Pro-government forces reached within 25 miles of the Tabqa Air Base, to the west of Raqqa, according to the Observatory. Isis militants captured the base from the government in 2014, killing scores of captured soldiers.

The media arm of Lebanon’s Hezbollah group, which is fighting alongside government forces, said the Syrian army took a small village 31 miles to the south-west of Tabqa air base.

The twin offensive on Isis-strongholds in Syria coincides with a military operation in neighbouring Iraq on Fallujah, one of the most important cities still held by the militant group.

Government and Russian airstrikes meanwhile killed at least 23 people in opposition-held parts of Aleppo, once Syria’s largest city and former commercial capital, activists said, and killed or wounded dozens more in Idlib, a rebel-held city in the country’s north-west.

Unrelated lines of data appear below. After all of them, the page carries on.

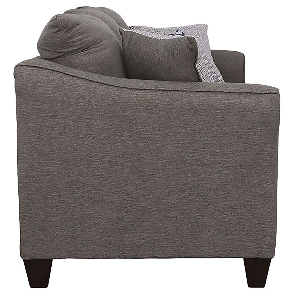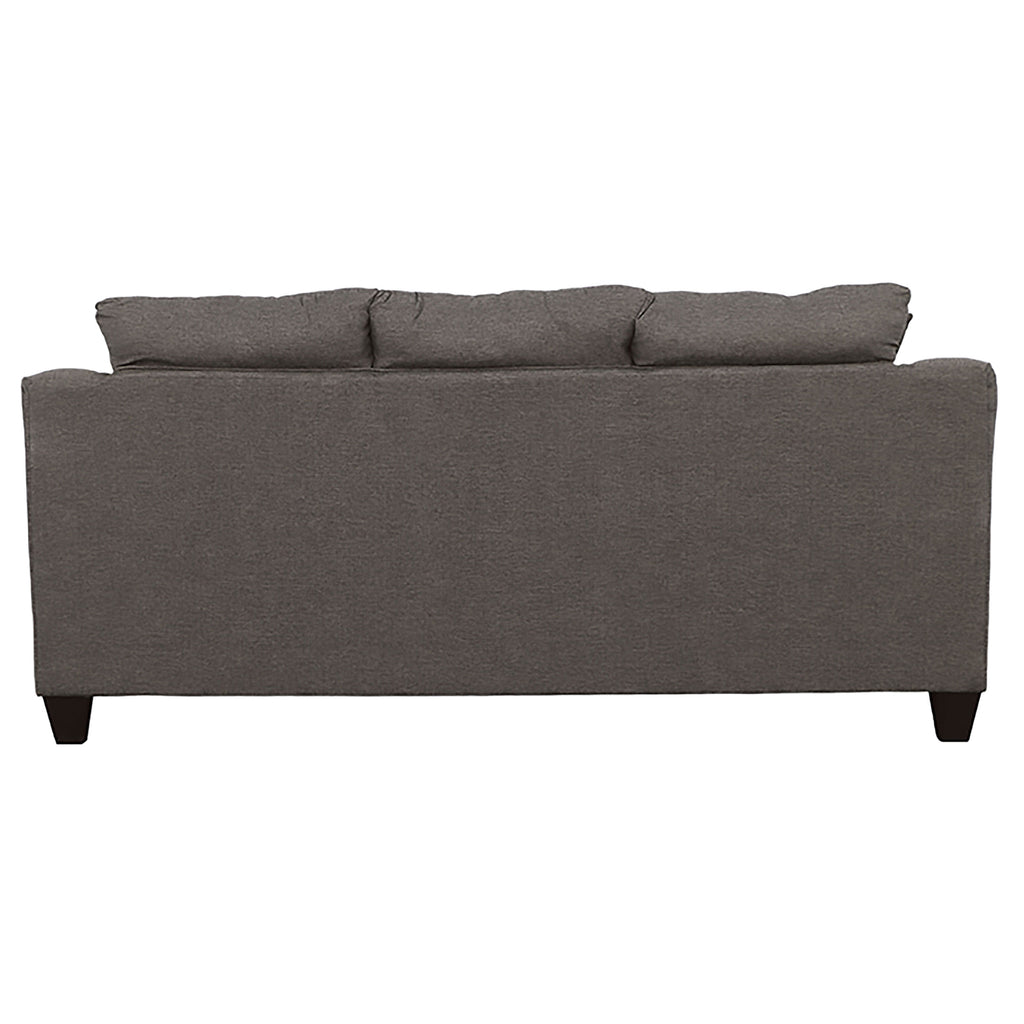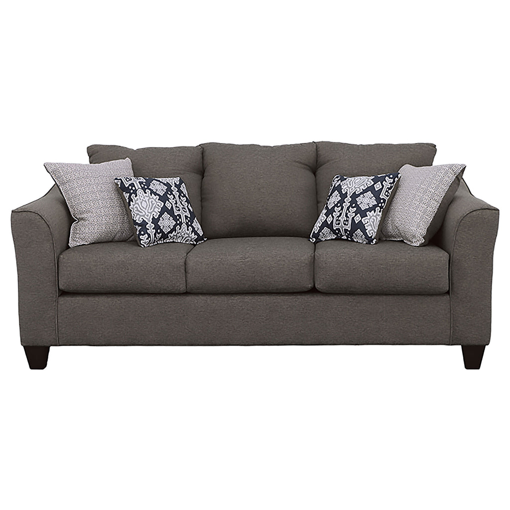 Gracefully blending timeless design and comfort, this sofa anchors any living space with a clean silhouette and flared arms. Plush foam cushions provide supportive comfort, while tailored upholstery adds a refined touch. Its inviting form and accent pillows create an effortlessly balanced look suited for casual and modern interiors alike. A perfect centerpiece for conversation or relaxation, this sofa elevates comfort with enduring style._x005F_x000D_ Key Features: • Flared-arm sofa wrapped in smooth sand-tone upholstery for a soft look • Polyester fabric and plush foam cushions ensure enduring comfort • Rounded armrests enhance both style and relaxation appeal • Accent pillows deliver pattern contrast for a balanced composition • Tapered espresso legs ground the design with visual definition • Durable tailoring keeps the sofa refined and contemporary
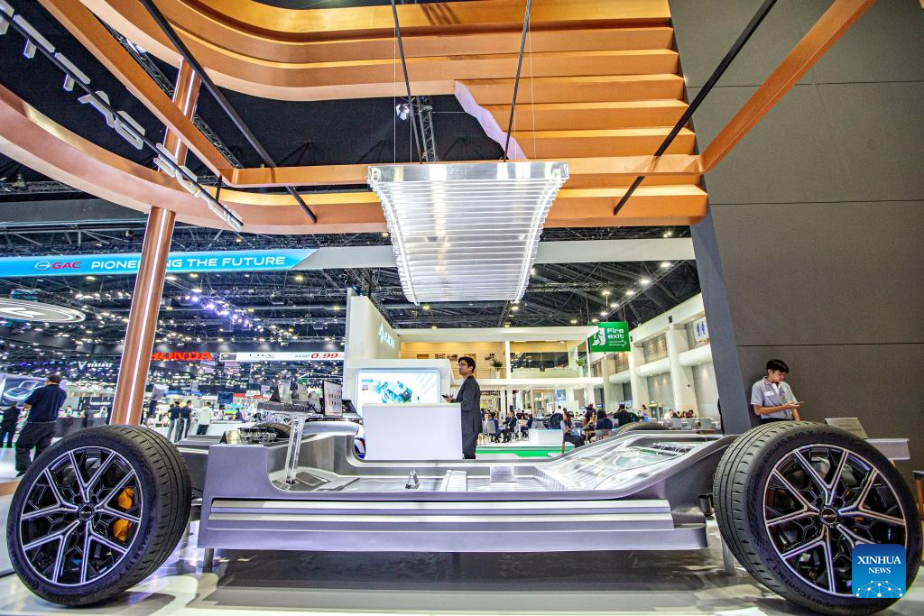 BANGKOK, 27 marzo, 2024 (Xinhua) -- Un visitante observa un BYD e-Platform 3.0 durante el 45° Salón Internacional del Automóvil de Bangkok, en Bangkok, Tailandia, el 27 de marzo de 2024. El 45° Salón Internacional del Automóvil de Bangkok comenzó aquí el miércoles y durará hasta el 7 de abril. (Xinhua/Wang Teng)
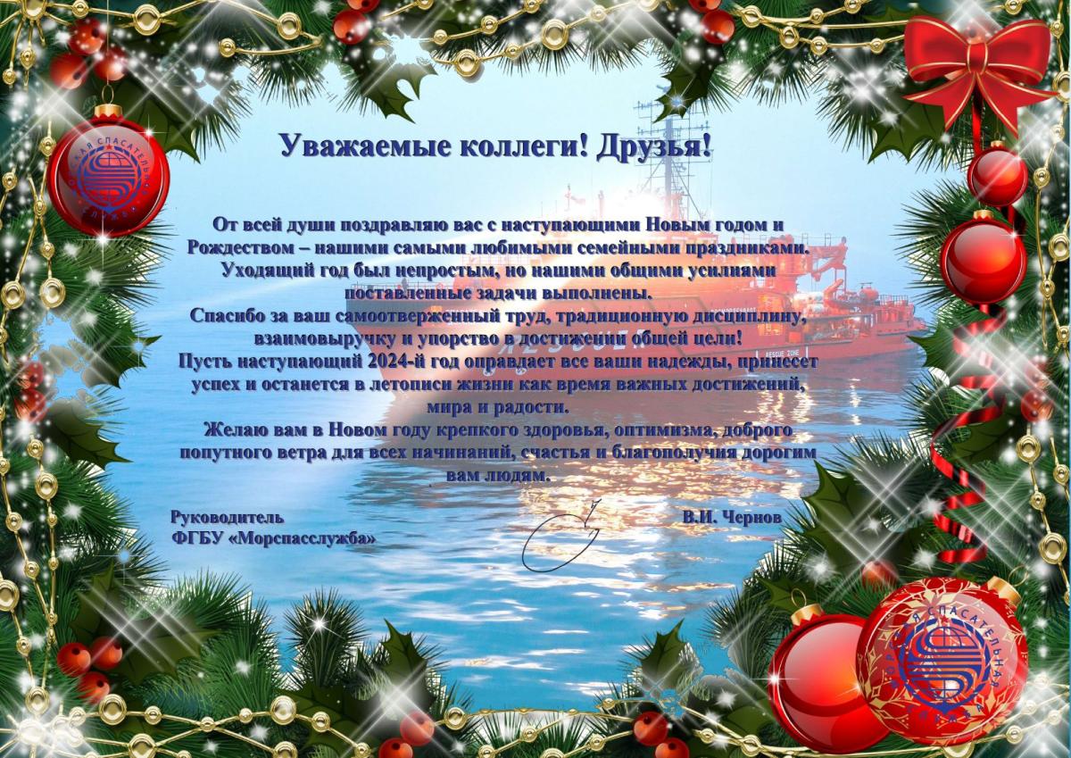 Поздравление руководителя ФГБУ "Морспасслужба" Виктора Ивановича Чернова коллективу с наступающим Новым Годом. Официальный сайт морской спасательной службы. Министерство транспорта Российской Федерации. Федеральное агентство морского и речного транспорта.

The Civil Defence, a first responder group that operates in rebel-held areas, reported 50 airstrikes in Aleppo on Sunday.

The Local Coordination Committees, an activist network, said the strikes killed at least 30 people. The Syrian Observatory for Human Rights put the toll at 23.

Activists reported that a war plane had crashed south of Aleppo. It was not immediately clear whether the plane had malfunctioned or had been shot down.

The Local Co-ordination Committees network said rebels shot the plane down near Khalasa, where a coalition of opposition fighters and al-Qaeda-linked insurgents have eroded government control over the past two months.

Aleppo has been divided between government and opposition control since 2012.